EPI: This provides a more holistic view by summing all positive emotions and subtracting negative ones, which gives a broader perspective on emotional tone beyond a simple positive/negative split.
Sentiment Score: A more traditional metric, calculated by subtracting the negative emotions from the positive ones, offering a straightforward comparison of positive versus negative sentiment.
I normalized each sentiment category by dividing its value by the total of all emotions and then multiplying by 100. This converts the counts into percentages, making it easier to see how each sentiment contributes relative to the overall emotional expression across different genres and years.
```{r data-norms}
bp_bio_nrc <- bp_bio_nrc %>%
mutate(all_emotions = anticipation + joy + surprise + trust + disgust + fear + sadness) %>%
mutate(anticipation = anticipation / all_emotions * 100,
joy = joy / all_emotions * 100,
surprise = surprise / all_emotions * 100,
trust = trust / all_emotions * 100,
disgust = disgust / all_emotions * 100,
fear = fear / all_emotions * 100,
sadness = sadness / all_emotions * 100,
positive = positive / all_emotions * 100,
negative = negative / all_emotions * 100)
bp_bio_nrc <- bp_bio_nrc %>%
mutate(EPI = (anticipation + joy + surprise + trust) - (disgust + fear + sadness)) %>%
mutate(sentiment_score = positive - negative)
```
## Using gganimate to bring the data to life
With normalized sentiment metrics in hand, we can bring them to life with animated visualizations. `gganimate` allows us to render traditional `ggplot2` charts in more compelling ways, like a GIF or an MP4 video.
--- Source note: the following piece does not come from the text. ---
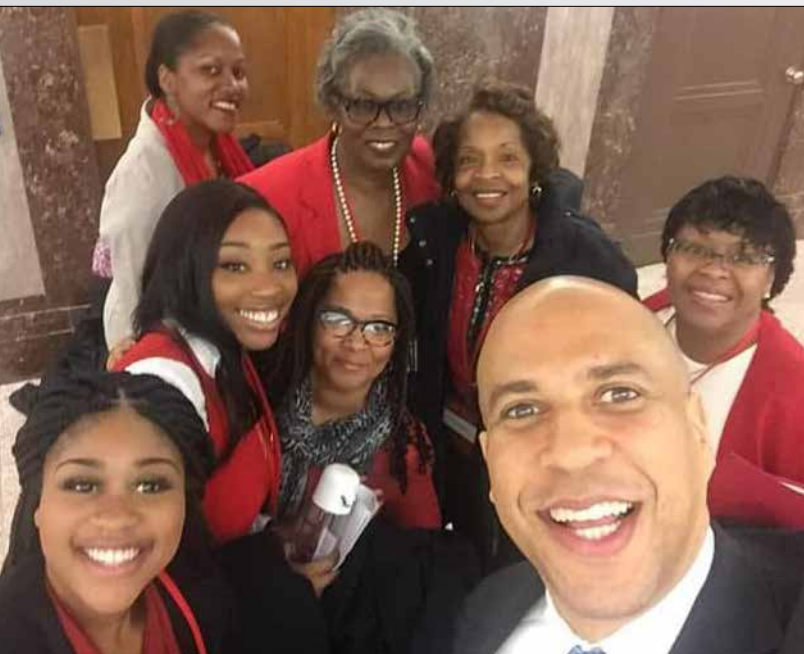
Senator Corey Booker (D-1. NJ) with NBNA Members

The goal is to have the eyes drawm towards anything that stands out.
To demonstrate, I selected a subset of genres that my personal favorites:
```{r genre-filter}
bp_bio_nrc_lf <- bp_bio_nrc %>%
select(release_year, genre_name, EPI, sentiment_score) %>%
gather(key = "measure", value = "value", EPI, sentiment_score)%>%
filter(genre_name %in% c("Melodic House & Techno",
"Afro House",
"Organic House / Downtempo",
"Progressive House",
"Techno (Raw / Deep / Hypnotic)"))
```
To demonstrate, I’m using `facet_wrap` to create side-by-side charts that show the EPI and Sentiment Score trends by genre and year. The `ggplot` chart is saved as a variable and animated with `transition_reveal()`, which lets the lines and points gradually appear as the years progress. This makes it easier to spot how each genre’s sentiment and EPI evolve over time. The final step generates both a GIF and an MP4 video, using `gifski_renderer` for the GIF and `av_renderer` for the video.
```{r music-viz}
bp_bio_nrc_viz <- ggplot(bp_bio_nrc_lf, aes(x = release_year, y = value, color = genre_name, group = genre_name)) +
geom_line(size = 1.2) +
geom_point(aes(size = abs(value))) +
scale_color_viridis_d(option = "C") +
labs(title = "EPI & Sentiment Score By Genre and Year",
y = "Value",
x = "Year") +
facet_grid(~ measure, scales = "free_y") +
theme_minimal() +
theme(legend.position = "bottom",
legend.title = element_text(size = 14),
legend.text = element_text(size = 12)) +
guides(size = "none") +
transition_reveal(release_year) +
ease_aes('linear')
if (interactive()) {
animate(
bp_bio_nrc_viz,
width = 1024,
height = 768,
nframes = 600,
fps = 60,
duration = 10,
renderer = gifski_renderer(file = "bp_bio_nrc_viz.gif")
)
animate(
bp_bio_nrc_viz,
width = 1024,
height = 768,
nframes = 600,
fps = 60,
duration = 10,
renderer = av_renderer(file = "bp_bio_nrc_viz.mp4")
)
}
```
## Conclusion
Data visualizations should be used to aid data understanding. Data is truth and truth must win out.